Well Bob, I believe GNAT is technically right in this one, though
I think it may be pessimizing the code overall if it follows
the approach implied by the above (see below for more discussion).

One thing to keep in mind is that "out of the box" GNAT suppresses
certain run-time checks (not my favorite feature of GNAT, I might say ;-).  
I trust this was compiled with all checks *on*...
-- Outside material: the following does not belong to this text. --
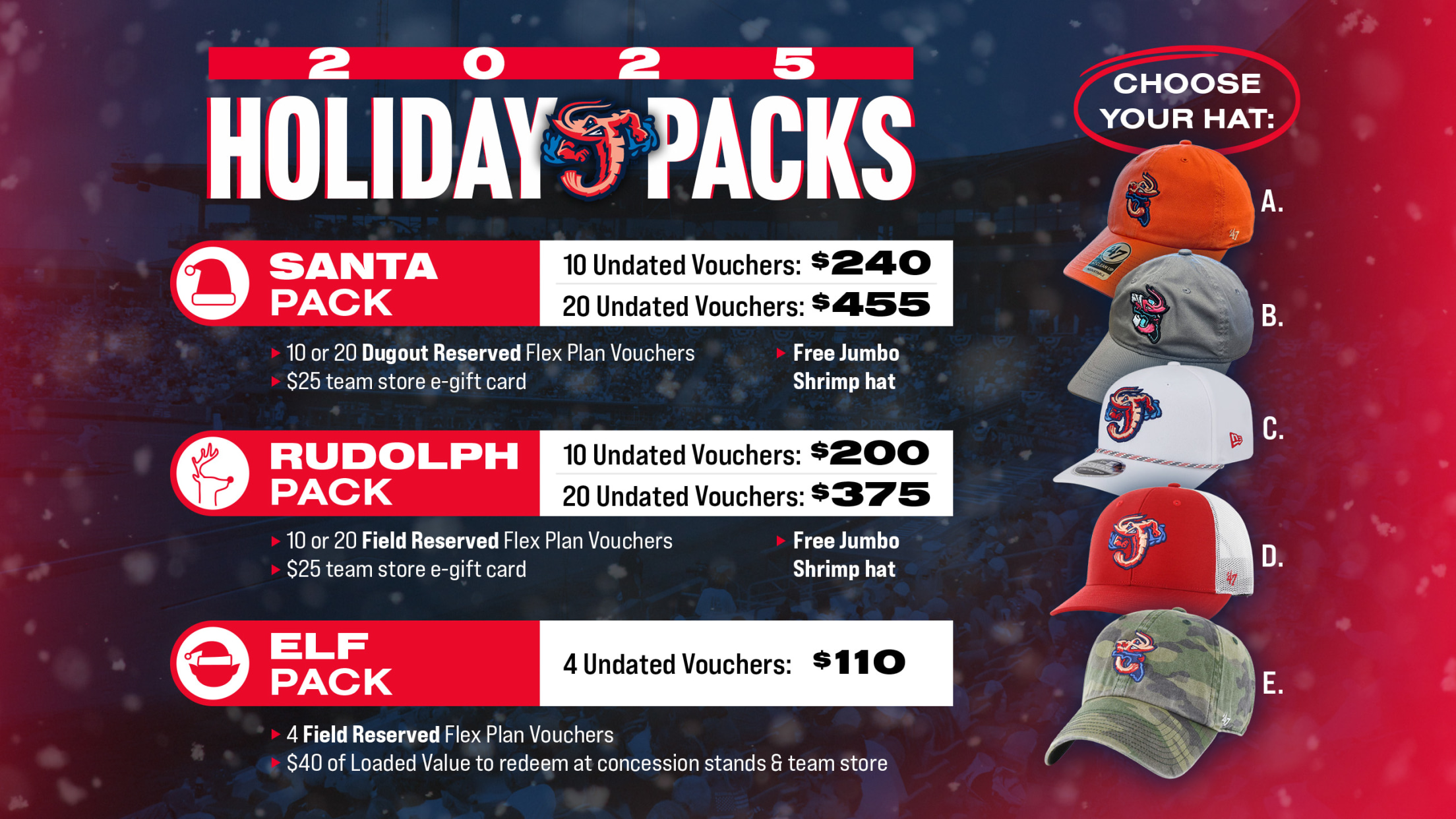 JACKSONVILLE, Fla. – The Jacksonville Jumbo Shrimp are providing the perfect gift and stocking stuffer for the 2025 holiday season. Fans have the choice of three different holiday packages that feature undated ticket vouchers for the 2026 season. While one holiday package includes tickets to the Jumbo Shrimp Hot Stove
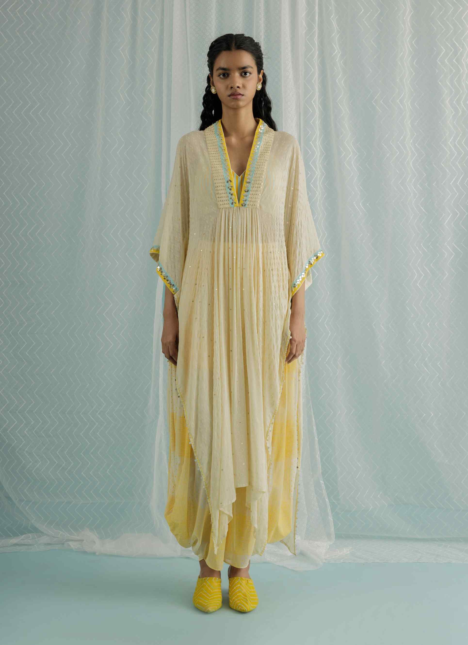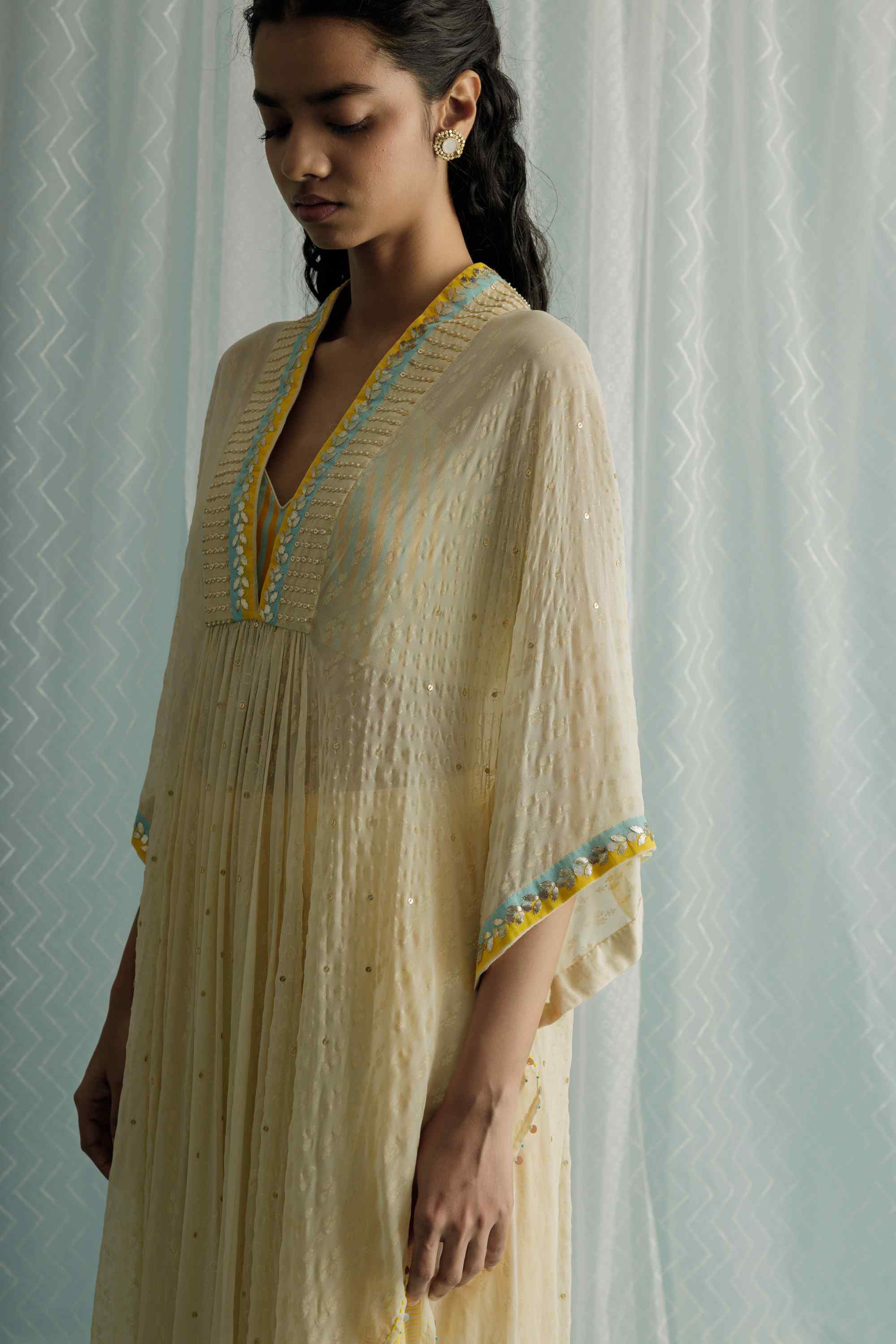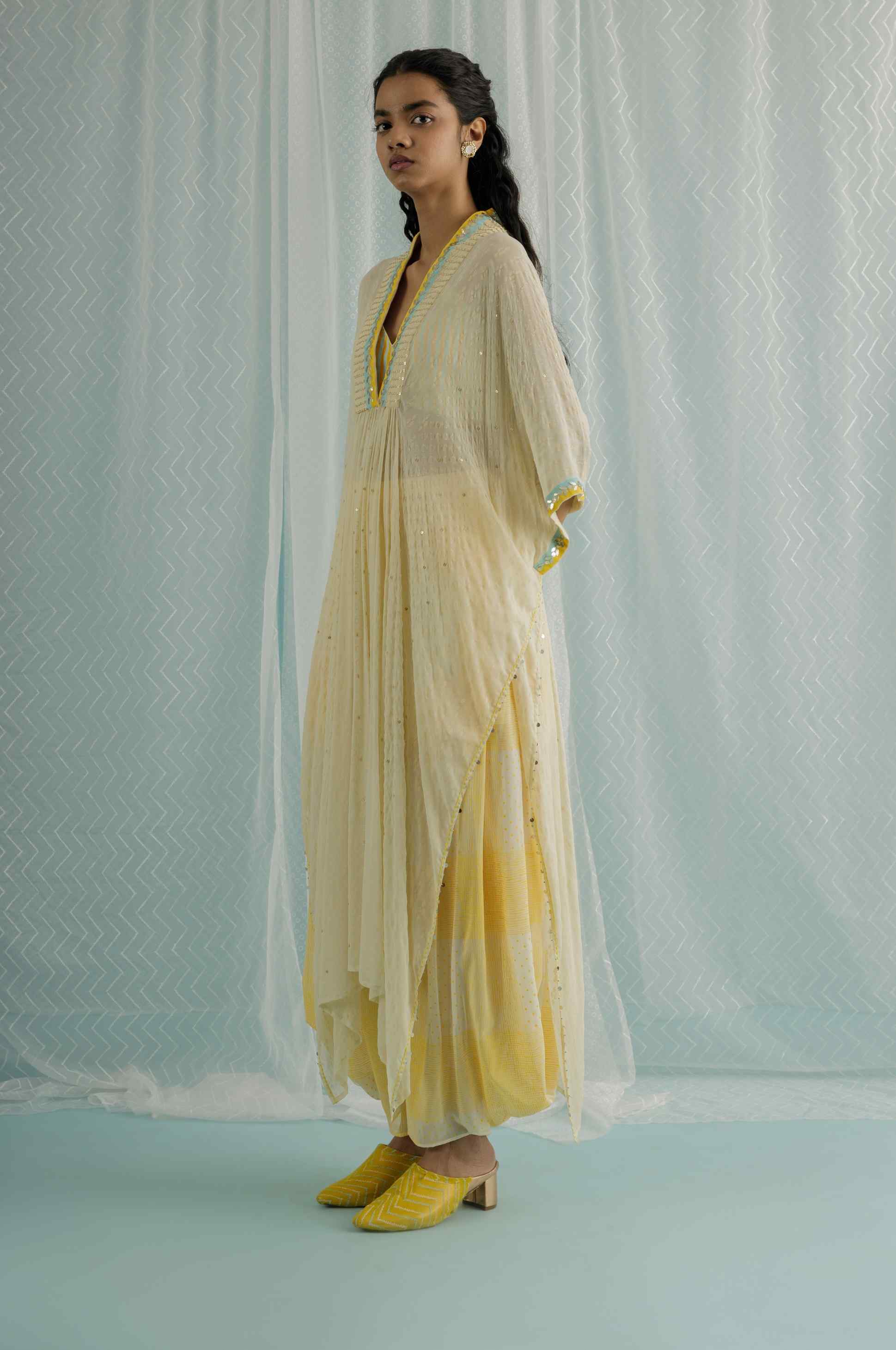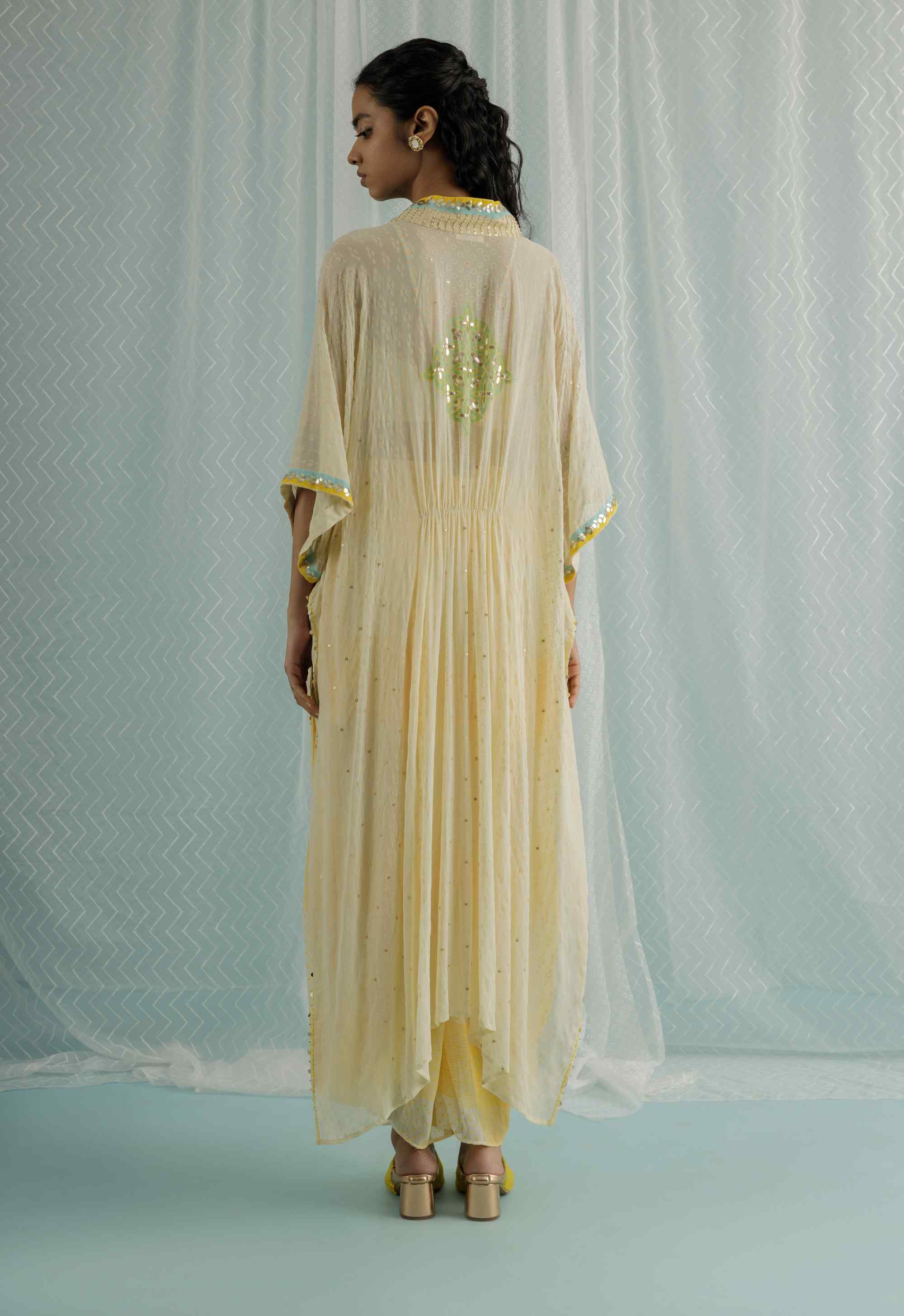 Experience effortless elegance with our ivory georgette kaftan, a masterful blend of style and comfort. This captivating kaftan features custom block printing in refreshing shades of ice blue and yellow, meticulously enhanced with hand embroidery that includes gota, sequin, and bead work. The intricate detailing adds a sophisticated touch to its flowing silhouette. Complemented by a chic stripe printed blouse and stylish printed low crotch trousers, this ensemble offers a contemporary and unique look. Ideal for special occasions or upscale events, this kaftan seamlessly combines traditional craftsmanship with modern design.

: >I think I've found it.  13.9.1(9) defines invalid representations;
: >it also states "The rules of the language outside this subclause
: >assume that all objects have valid representations."
: >
: >So, the compiler can omit the range checks by assuming that
: >the data is valid.

: No, that's not what I meant when I wrote 13.9.1(9).  That is, the
: compiler cannot assume data is valid.  The *rules* in the rest of the RM
: assume valid data, but that assumption is wrong, and 13.9.1 tries to
: fill in the resulting logical holes.

: In your example, Source should be initialized to some invalid value of
: type T_Source, such as 11.  13.9.1(10) applies, and 11 is greater than
: 10 (despite the fact that 11 is invalid), and so should fail the range
: check.  I believe there is no permission to omit that check.

I believe there is permission to do this, though I think it is unwise 
to do so (see below).

: Unfortunately, 13.9.1(11) is a loophole you could drive a truck through.
: The assumption is that compilers will be reasonable.  There's some AARM
: discussion on this point.  But this para is irrelevant to your example.

: I'm not entirely sure if the above analysis is correct.  Tucker, if
: you're listening, can you comment?

: >Note that, in a similar case, an array reference can point to
: >any arbitrary memory location (uninitialized scalar used as
: >an array index).

: It was definitely a goal of Ada 9X that an uninitialized variable cannot
: cause arbitrary memory locations to be overwritten (e.g. when you say
: "A(I) := ..." and I is uninitialized.  This is true whether or not you
: say Normalize_Scalars.  (In Ada 83, such a case is erroneous, and so
: could trash memory or anything else bad.)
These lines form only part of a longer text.